* _Activity_:
Note the line where "Lúc này giao" appears in the data below; write it out exactly, along with every line that comes after it to the end.

+ + + + + + +

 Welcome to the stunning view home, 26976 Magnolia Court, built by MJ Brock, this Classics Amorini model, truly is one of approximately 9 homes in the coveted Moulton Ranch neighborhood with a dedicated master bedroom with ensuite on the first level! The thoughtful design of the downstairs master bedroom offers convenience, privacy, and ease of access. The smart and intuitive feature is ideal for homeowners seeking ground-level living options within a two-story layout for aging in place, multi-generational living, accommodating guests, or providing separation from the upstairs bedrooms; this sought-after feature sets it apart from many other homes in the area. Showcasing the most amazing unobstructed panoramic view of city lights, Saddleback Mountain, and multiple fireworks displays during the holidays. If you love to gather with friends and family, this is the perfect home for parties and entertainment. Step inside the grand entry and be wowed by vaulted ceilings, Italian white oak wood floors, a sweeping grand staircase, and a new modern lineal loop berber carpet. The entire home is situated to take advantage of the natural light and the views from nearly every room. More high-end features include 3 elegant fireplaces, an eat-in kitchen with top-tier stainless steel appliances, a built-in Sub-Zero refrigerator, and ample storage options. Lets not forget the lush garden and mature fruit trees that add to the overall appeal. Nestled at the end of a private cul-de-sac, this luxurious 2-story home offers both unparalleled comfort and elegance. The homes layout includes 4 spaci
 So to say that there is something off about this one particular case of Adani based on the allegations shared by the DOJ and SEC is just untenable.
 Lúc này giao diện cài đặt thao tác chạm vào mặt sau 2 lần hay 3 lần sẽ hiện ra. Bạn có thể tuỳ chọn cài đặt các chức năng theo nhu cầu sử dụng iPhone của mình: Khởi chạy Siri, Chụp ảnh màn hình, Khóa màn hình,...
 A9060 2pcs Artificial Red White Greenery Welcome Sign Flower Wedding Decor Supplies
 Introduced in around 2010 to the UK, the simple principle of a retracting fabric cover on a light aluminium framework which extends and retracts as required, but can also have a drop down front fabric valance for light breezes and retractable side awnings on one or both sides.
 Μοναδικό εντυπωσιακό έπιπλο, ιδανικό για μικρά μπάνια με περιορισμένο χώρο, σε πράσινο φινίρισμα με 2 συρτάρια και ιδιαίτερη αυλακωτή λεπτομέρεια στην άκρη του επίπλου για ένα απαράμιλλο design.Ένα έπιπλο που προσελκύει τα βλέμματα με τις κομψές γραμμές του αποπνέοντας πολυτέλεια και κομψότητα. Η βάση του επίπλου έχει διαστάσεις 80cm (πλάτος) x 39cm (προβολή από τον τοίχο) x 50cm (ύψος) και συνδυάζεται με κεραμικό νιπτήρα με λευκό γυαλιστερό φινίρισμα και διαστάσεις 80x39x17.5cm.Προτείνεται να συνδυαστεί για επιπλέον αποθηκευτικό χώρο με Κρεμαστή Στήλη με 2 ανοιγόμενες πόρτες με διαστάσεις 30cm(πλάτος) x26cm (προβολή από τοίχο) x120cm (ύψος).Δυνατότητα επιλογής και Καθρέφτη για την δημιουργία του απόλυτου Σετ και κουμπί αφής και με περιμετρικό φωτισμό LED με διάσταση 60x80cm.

+ + + + + + +

* _Solved exercise_:
 Lúc này giao diện cài đặt thao tác chạm vào mặt sau 2 lần hay 3 lần sẽ hiện ra. Bạn có thể tuỳ chọn cài đặt các chức năng theo nhu cầu sử dụng iPhone của mình: Khởi chạy Siri, Chụp ảnh màn hình, Khóa màn hình,...
 A9060 2pcs Artificial Red White Greenery Welcome Sign Flower Wedding Decor Supplies
 Introduced in around 2010 to the UK, the simple principle of a retracting fabric cover on a light aluminium framework which extends and retracts as required, but can also have a drop down front fabric valance for light breezes and retractable side awnings on one or both sides.
 Μοναδικό εντυπωσιακό έπιπλο, ιδανικό για μικρά μπάνια με περιορισμένο χώρο, σε πράσινο φινίρισμα με 2 συρτάρια και ιδιαίτερη αυλακωτή λεπτομέρεια στην άκρη του επίπλου για ένα απαράμιλλο design.Ένα έπιπλο που προσελκύει τα βλέμματα με τις κομψές γραμμές του αποπνέοντας πολυτέλεια και κομψότητα. Η βάση του επίπλου έχει διαστάσεις 80cm (πλάτος) x 39cm (προβολή από τον τοίχο) x 50cm (ύψος) και συνδυάζεται με κεραμικό νιπτήρα με λευκό γυαλιστερό φινίρισμα και διαστάσεις 80x39x17.5cm.Προτείνεται να συνδυαστεί για επιπλέον αποθηκευτικό χώρο με Κρεμαστή Στήλη με 2 ανοιγόμενες πόρτες με διαστάσεις 30cm(πλάτος) x26cm (προβολή από τοίχο) x120cm (ύψος).Δυνατότητα επιλογής και Καθρέφτη για την δημιουργία του απόλυτου Σετ και κουμπί αφής και με περιμετρικό φωτισμό LED με διάσταση 60x80cm.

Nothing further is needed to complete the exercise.